→ Exercise details: Produce a word-for-word copy of the line that contains "A few days later, it" and each line after it through the end of the material, omitting pictures and all other lines.

→ Stored data:
==========

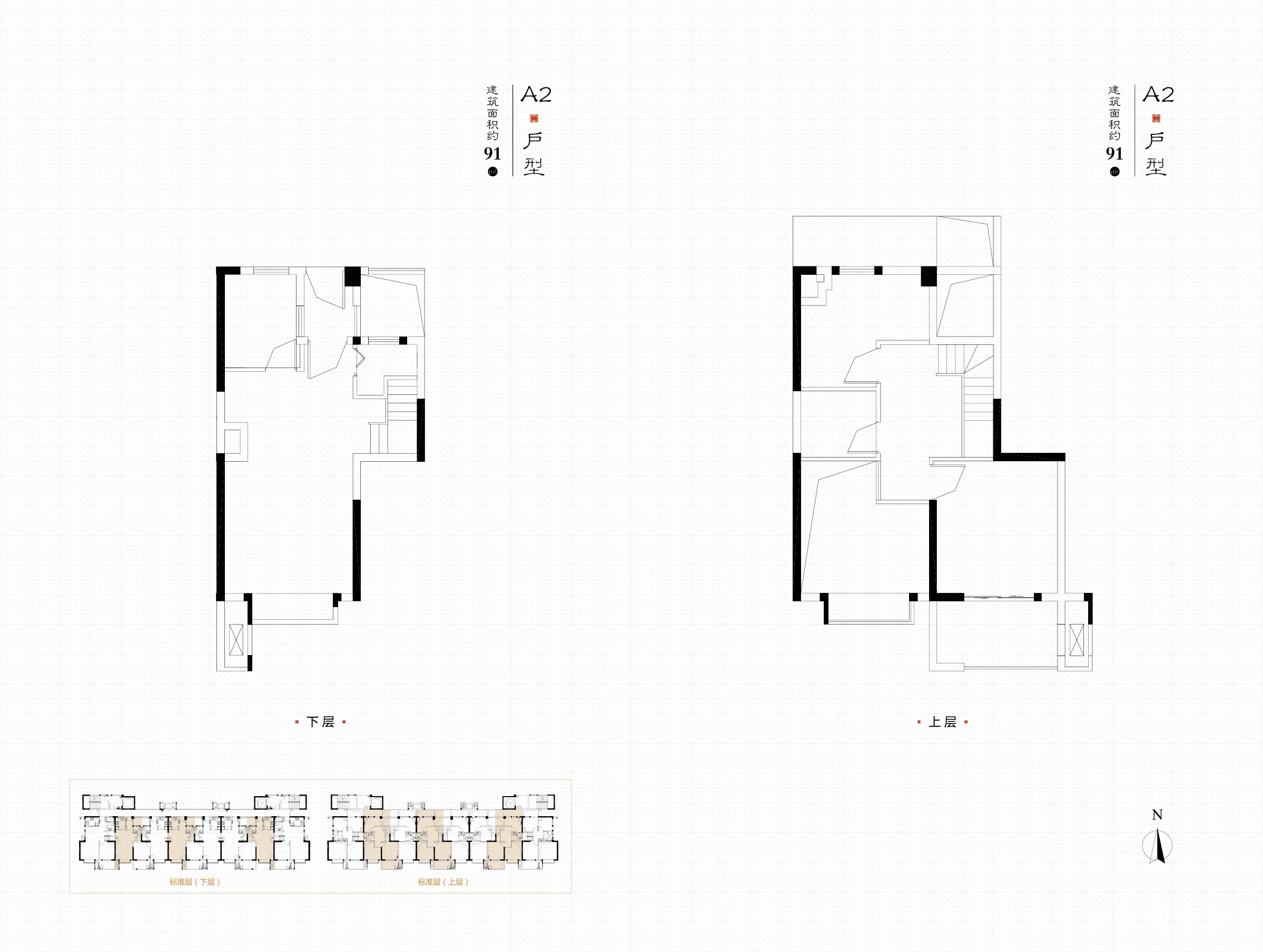 4室2厅2卫-A2户型 建筑面积约91㎡
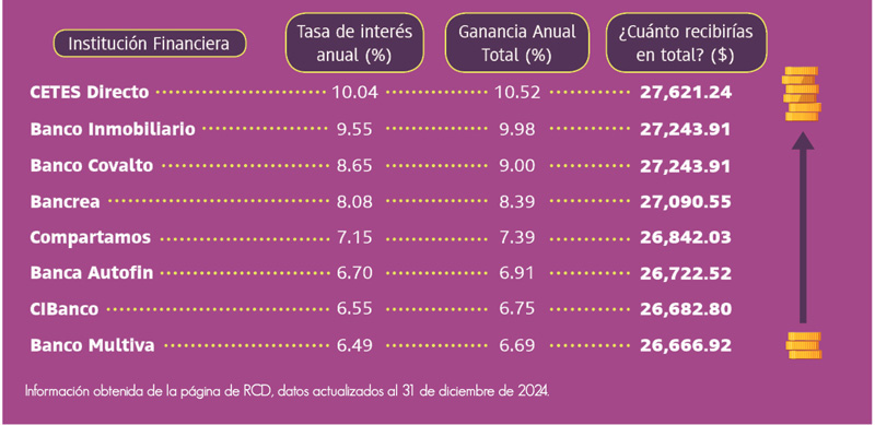 Para ilustrarlo, te presentamos un recuadro donde se compararon inversiones a un plazo de 28 días durante un año, con un monto de $25 mil pesos, obteniendo los siguientes resultados:
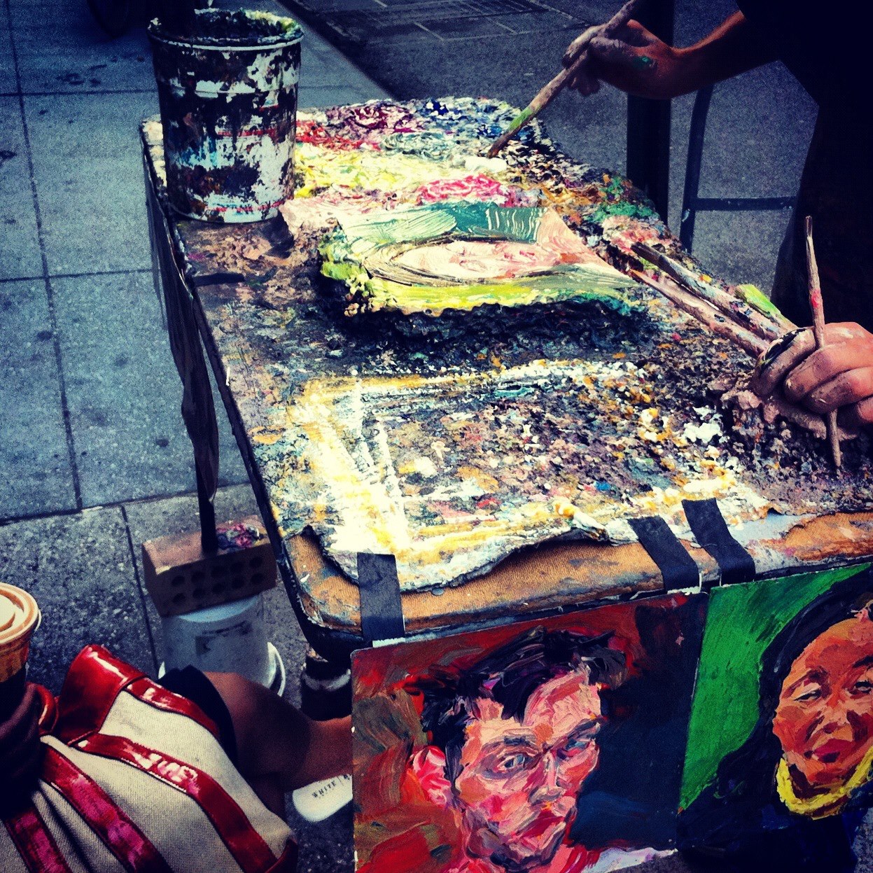 A few days later, it was time to pack up and head back to the big apple. It was a welcomed sight, complete with great friends and perfect summer turning into fall weather. And it was time for more celebrating. Let me preface this portion with, I don’t really drink and stay out until three in the morning anymore, but I guess it was time to start! After an audition for Maggie in Cat on a Hot Tin Roof (which I am born to play by the by), I spontaneously spent all day with my best friend, who had already insisted that he be with me when the clock strikes midnight on my birthday. (Despite the fact that I was actually born at 1:36 PM). He walked me to my present which was having a street artist, who sits most days outside of MoMA paint my portrait. It was incredible. Who has sat for a portrait these days? I was there for an hour as he painted layer upon layer of color onto a 9 x 9″ square of paper. Kyle wanted me to have painting, capturing the last day of my twenties. (I actually have a pencil portrait of me when I was 16, so it seems that I do this every 15 years or so!) His portraits all had an air of morose about them, so I tried to look up and give the slightest smile but it still came out as it did–honest, beautiful, tragic. Next time you’re in the city I highly recommend visiting MoMa and the artist Mark R. Nilsson at his portable studio on the street. You’ll walk away capturing a moment in time, owning a lovely piece of art, and supporting a true artist.
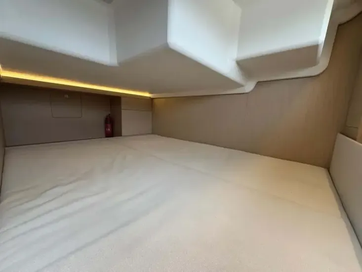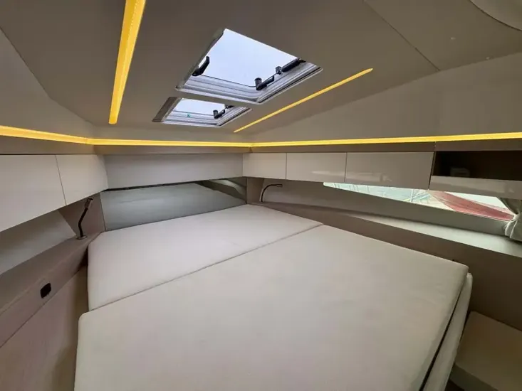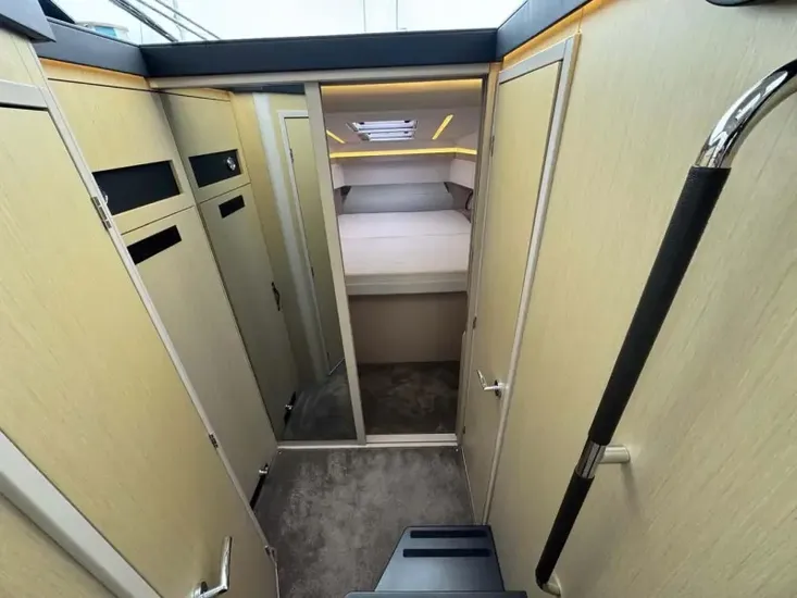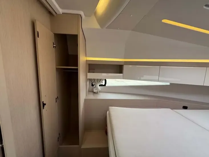 - At the bow is the very modern double v berth cabin with overhead storage and wardrobe

==========

→ Solution to the problem:
 A few days later, it was time to pack up and head back to the big apple. It was a welcomed sight, complete with great friends and perfect summer turning into fall weather. And it was time for more celebrating. Let me preface this portion with, I don’t really drink and stay out until three in the morning anymore, but I guess it was time to start! After an audition for Maggie in Cat on a Hot Tin Roof (which I am born to play by the by), I spontaneously spent all day with my best friend, who had already insisted that he be with me when the clock strikes midnight on my birthday. (Despite the fact that I was actually born at 1:36 PM). He walked me to my present which was having a street artist, who sits most days outside of MoMA paint my portrait. It was incredible. Who has sat for a portrait these days? I was there for an hour as he painted layer upon layer of color onto a 9 x 9″ square of paper. Kyle wanted me to have painting, capturing the last day of my twenties. (I actually have a pencil portrait of me when I was 16, so it seems that I do this every 15 years or so!) His portraits all had an air of morose about them, so I tried to look up and give the slightest smile but it still came out as it did–honest, beautiful, tragic. Next time you’re in the city I highly recommend visiting MoMa and the artist Mark R. Nilsson at his portable studio on the street. You’ll walk away capturing a moment in time, owning a lovely piece of art, and supporting a true artist.
 - At the bow is the very modern double v berth cabin with overhead storage and wardrobe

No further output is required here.